--- Input data ---
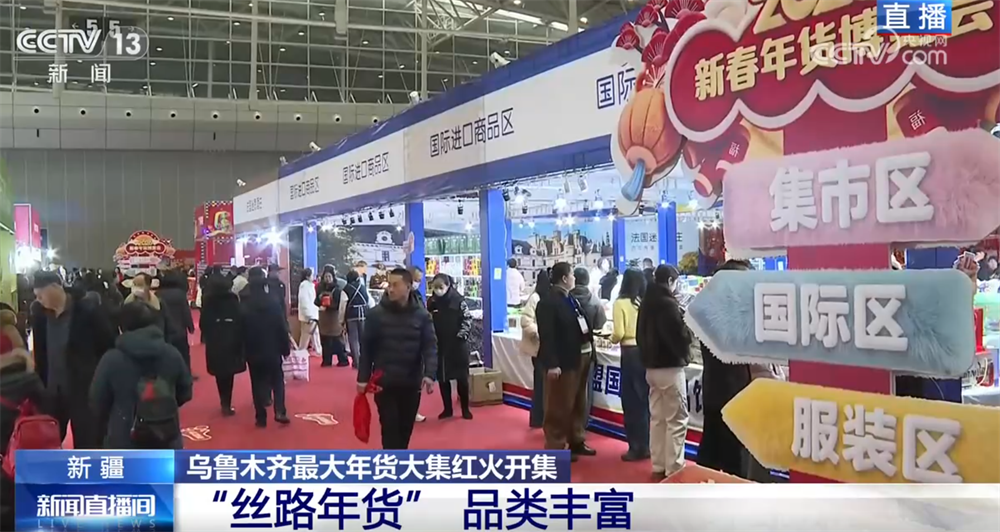 在烏魯木齊市年貨大集的現(xiàn)場,大家可以看到,采購年貨的市民非常多。這個大集面積達1.4萬平方米,攤位數(shù)量超過400家,產(chǎn)品種類也特別豐富。
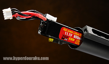 ここに専用の11.1V 850mAhのリチウムポリマーバッテリーを装着する。ノートPCや携帯電話などでも利用されている、いわゆるリポバッテリーだ。3.7Vの3セル構造。
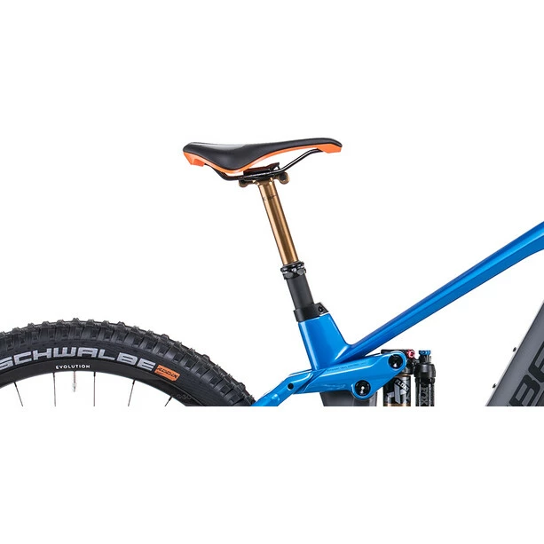 Klein, aber perfekt proportioniert: Das Stereo Hybrid 140 HPC Actionteam 625 ist der Inbegriff von erstklassiger All-Mountain-E-Bike-Performance. Shimano XT Bremsen mit 4-Kolben Konstruktion treffen hier auf supergriffige Schwalbe Magic Mary SuperTrail und Big Betty SuperGravity 2.4 Zoll Reifen, das Ergebnis: präziseste Geschwindigkeitskontrolle, und zwar bei allen möglichen und unmöglichen Bedingungen. Shimano steuert auch seine XT 12-Gang Schaltung bei, welche die Power aus den Beinen – und den Vortrieb des Bosch CX Motors (Generation 4) mit 625 Wh starkem Akku – feinabgestimmt auf die Newmen Evolution Laufräder und dann auf den Trail bringt. Für den letzten Trail-spezifischen Schliff sorgen die Fox 36 Float Factory Gabel, der Float X Factory Dämpfer und die versenkbare Sattelstütze mit Remote. Klarer Fall, hier hat man es mit einem echten Gewinner zu tun!
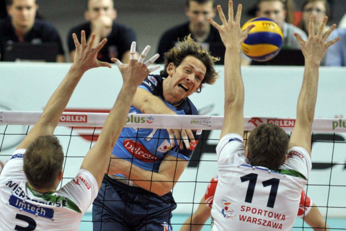 Delecta Bydgoszcz: Masny, Konarski, Wrona, Jurkiewicz, Wika, Antiga, Dębiec (libero) oraz Lipiński.
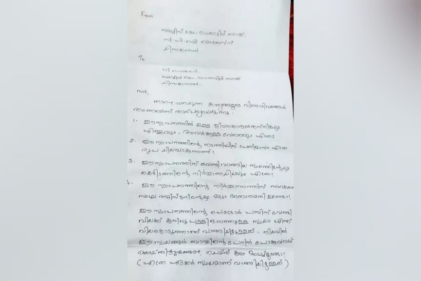 ആരോപണങ്ങളിൽ വിശദീകരണം ആവശ്യപ്പെട്ട് സിപിഐ ബാങ്കിന് കത്തയച്ചു. സ്ഥാപനത്തിന്റെ ഇടപാടുകള്, എത്രപേർ ജോലി ചെയ്യുന്നുണ്ട്, അവരുടെ ശമ്പളമെത്രയാണ് എന്നതുള്പ്പടെയുള്ള വിവരങ്ങള് തേടിയാണ് സിപിഐയുടെ കത്ത്. പതിനഞ്ച് ദിവസത്തിനുള്ളില് മറുപടി നല്കണമെന്നും നിർദ്ദേശമുണ്ട്.

--- Task statement ---
Set down the entire material verbatim, with each picture left out.

--- Answer to this exercise ---
 在烏魯木齊市年貨大集的現(xiàn)場,大家可以看到,采購年貨的市民非常多。這個大集面積達1.4萬平方米,攤位數(shù)量超過400家,產(chǎn)品種類也特別豐富。
 ここに専用の11.1V 850mAhのリチウムポリマーバッテリーを装着する。ノートPCや携帯電話などでも利用されている、いわゆるリポバッテリーだ。3.7Vの3セル構造。
 Klein, aber perfekt proportioniert: Das Stereo Hybrid 140 HPC Actionteam 625 ist der Inbegriff von erstklassiger All-Mountain-E-Bike-Performance. Shimano XT Bremsen mit 4-Kolben Konstruktion treffen hier auf supergriffige Schwalbe Magic Mary SuperTrail und Big Betty SuperGravity 2.4 Zoll Reifen, das Ergebnis: präziseste Geschwindigkeitskontrolle, und zwar bei allen möglichen und unmöglichen Bedingungen. Shimano steuert auch seine XT 12-Gang Schaltung bei, welche die Power aus den Beinen – und den Vortrieb des Bosch CX Motors (Generation 4) mit 625 Wh starkem Akku – feinabgestimmt auf die Newmen Evolution Laufräder und dann auf den Trail bringt. Für den letzten Trail-spezifischen Schliff sorgen die Fox 36 Float Factory Gabel, der Float X Factory Dämpfer und die versenkbare Sattelstütze mit Remote. Klarer Fall, hier hat man es mit einem echten Gewinner zu tun!
 Delecta Bydgoszcz: Masny, Konarski, Wrona, Jurkiewicz, Wika, Antiga, Dębiec (libero) oraz Lipiński.
 ആരോപണങ്ങളിൽ വിശദീകരണം ആവശ്യപ്പെട്ട് സിപിഐ ബാങ്കിന് കത്തയച്ചു. സ്ഥാപനത്തിന്റെ ഇടപാടുകള്, എത്രപേർ ജോലി ചെയ്യുന്നുണ്ട്, അവരുടെ ശമ്പളമെത്രയാണ് എന്നതുള്പ്പടെയുള്ള വിവരങ്ങള് തേടിയാണ് സിപിഐയുടെ കത്ത്. പതിനഞ്ച് ദിവസത്തിനുള്ളില് മറുപടി നല്കണമെന്നും നിർദ്ദേശമുണ്ട്.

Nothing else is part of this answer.